Récit d’avenir : la science-fiction à l’épreuve du réel

En écrivant sur le cycle de Fondation, monument de la science-fiction, j’y voyais le récit d’un avenir possible de l’humanité. Je ne vais pas m’étendre sur cette oeuvre phare d’Isaac Asimov, tu pourras aller lire l’article. Je retiendrai seulement trois points précis. Asimov imaginait un futur très largement axé sur la high-tech, l’homme y régnant en maître de la galaxie. Et bien sûr, l’exploration spatiale y serait banale. Toutefois, un petit détail interroge le lecteur aujourd’hui. Dans ce vaste univers aux millions de mondes, on ne trouve pas d’autre espèce dominante que l’homme.
Aujourd’hui, l’anthropocentrisme de Fondation saute aux yeux. Dans La Guerre des Mondes, H.G. Wells avait d’ores et déjà envisagé la possibilité qu’il existe d’autres espèces que l’homme dans l’univers. Ce qu’avançait Wells, c’était aussi le fait que ces formes de vies pouvaient être radicalement différentes de la nôtre. Aussi visionnaire que fût Asimov, nous devons garder à l’esprit que personne ne sait à quoi ressemblera l’avenir.
Quoi qu’on puisse dire de ce monument de la science-fiction, cela reste un récit d’avenir parmi d’autres. Avant lui, il existait déjà plusieurs romans d’anticipation. Certains étaient plus ou moins dystopiques (Le Meilleur des Mondes, d’Aldous Huxley, 1984, de George Orwell…).

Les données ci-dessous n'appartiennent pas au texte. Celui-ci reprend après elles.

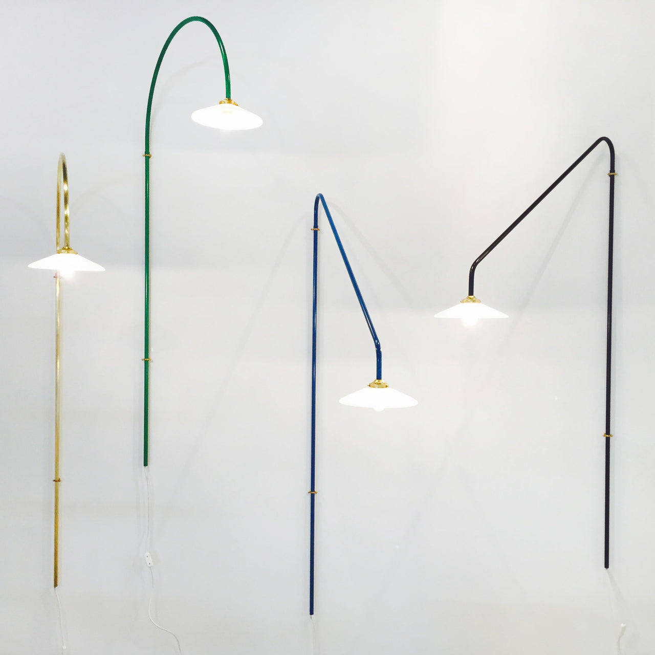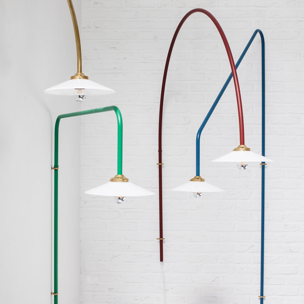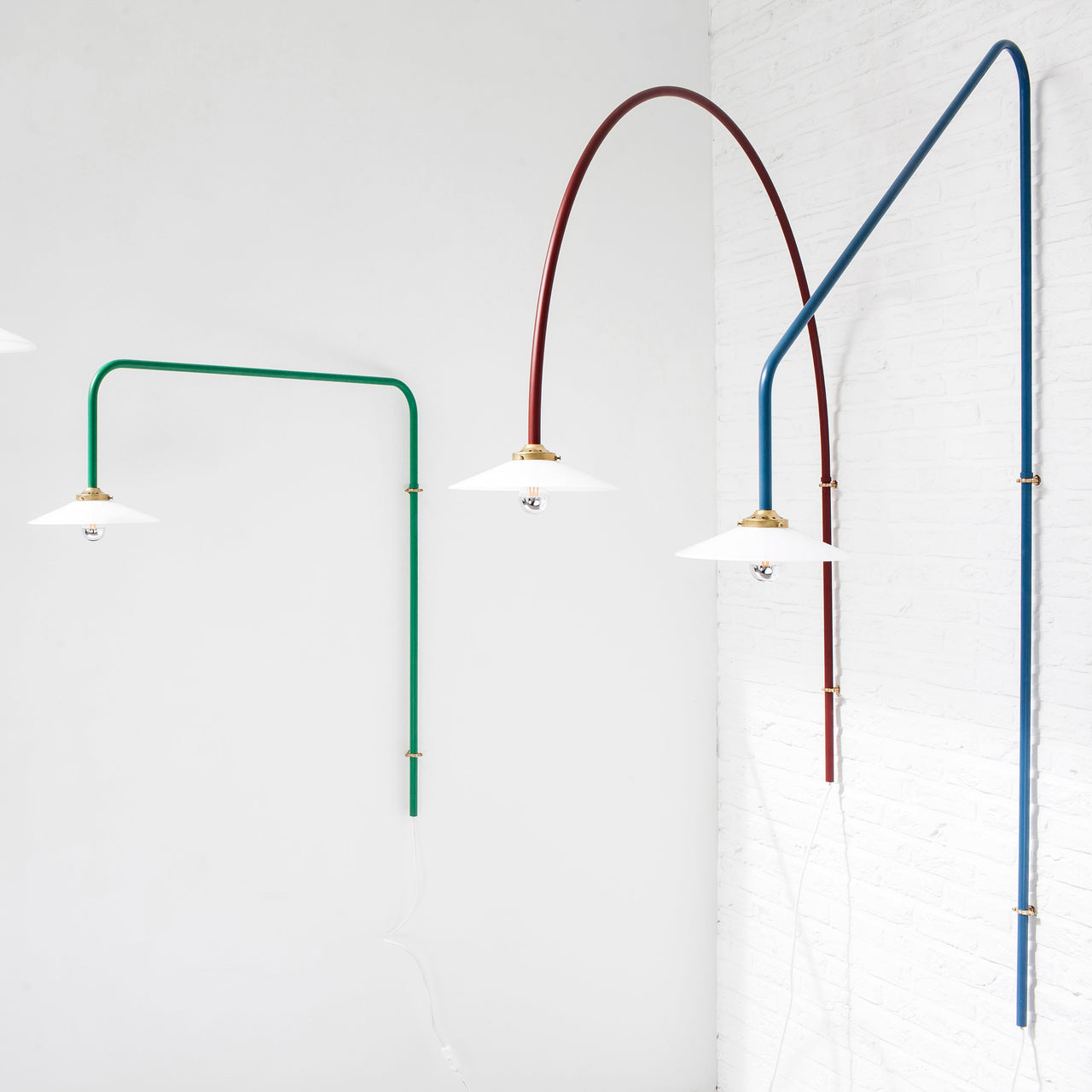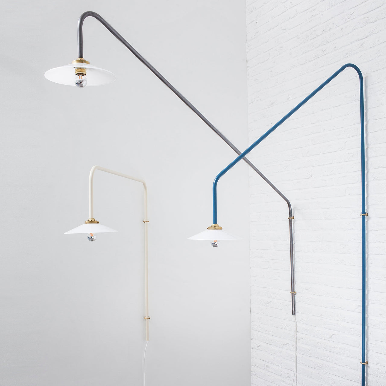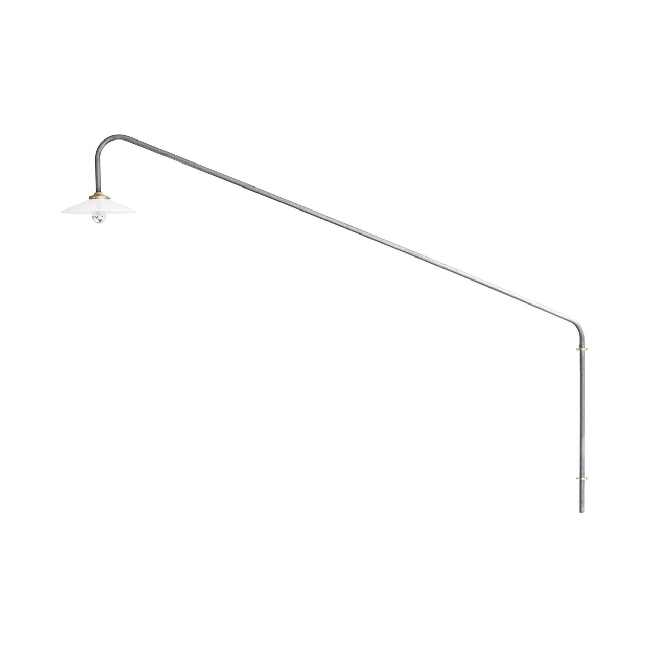 Muller Van Severen’s initial version of their wall-mounted pendant makes a dramatic upward slant. The series was conceived the duo needed a dining table light in a room without a ceiling outlet. The linear fixture makes a statement without dominating a space and is crafted in steel tubing in brass, black or several curated colors.

L’avenir possible décrit par certains romans étaient étaient même franchement effrayants.
Le récit d’avenir : un équilibre entre grandeur et décadence
Les récits d’anticipation ont fleuri dans les années 50, en pleine Guerre Froide, ce qui n’a rien de surprenant. L’humanité ressortait traumatisée de la Seconde Guerre Mondiale et son cortège d’atrocités. Les camps de concentration, la bombe atomique avaient largement écorné le mythe de la science salut de l’humanité. Et pourtant, la guerre a aussi occasionné des innovations technologiques aux répercussions positives. Qui, par exemple, regretterait l’invention de la pénicilline aujourd’hui ?
Il en ressort un rapport pour le moins ambivalent à la technologie. Si elle construit à la fois le progrès de l’humanité, elle peut aussi la conduire à sa perte. Au cours des années 50, l’humanité a traversé un âge de prospérité économique comme elle n’en avait jamais connue auparavant. En parallèle, le début de la guerre froide marque le développement d’un armement nucléaire. Celui-ci, capable d’anéantir plusieurs fois l’humanité, laisse planer la possible apocalypse.
Post-apocalyptique : après la catastrophe, reconquérir un avenir volé
Dans les années 50-60, on envisageait la destruction de l’humanité. Docteur Folamour (Dr Strangelove, Stanley Kubrick, 1964) envisage un point final pour l’espèce humaine. Mais on troue aussi des films qui évoquent le monde après le désastre. J’en citerai deux : Le Monde, la Chair et le Diable (The World, the Flesh and the Devil, Ranald MacDougall, 1959) et La Jetée (Chris Marker, 1966). Le premier montre les affrontements entre les survivants. Le second présente un monde pénitentiaire dans lequel s’est réfugiée l’humanité.

Rassure-toi, j’y viens au post-apocalyptique. Mais avant, j’attire ton attention sur le paradoxe de ce genre. Malgré un monde dévasté par une catastrophe, il y a une forme d’optimisme dans ces récits. Le fait que ce monde ait des survivants signifie qu’il reste un avenir possible, même dans un monde dévasté. La catastrophe est derrière nous, désormais il faut se battre pour sa vie dans le monde qu’elle a construit.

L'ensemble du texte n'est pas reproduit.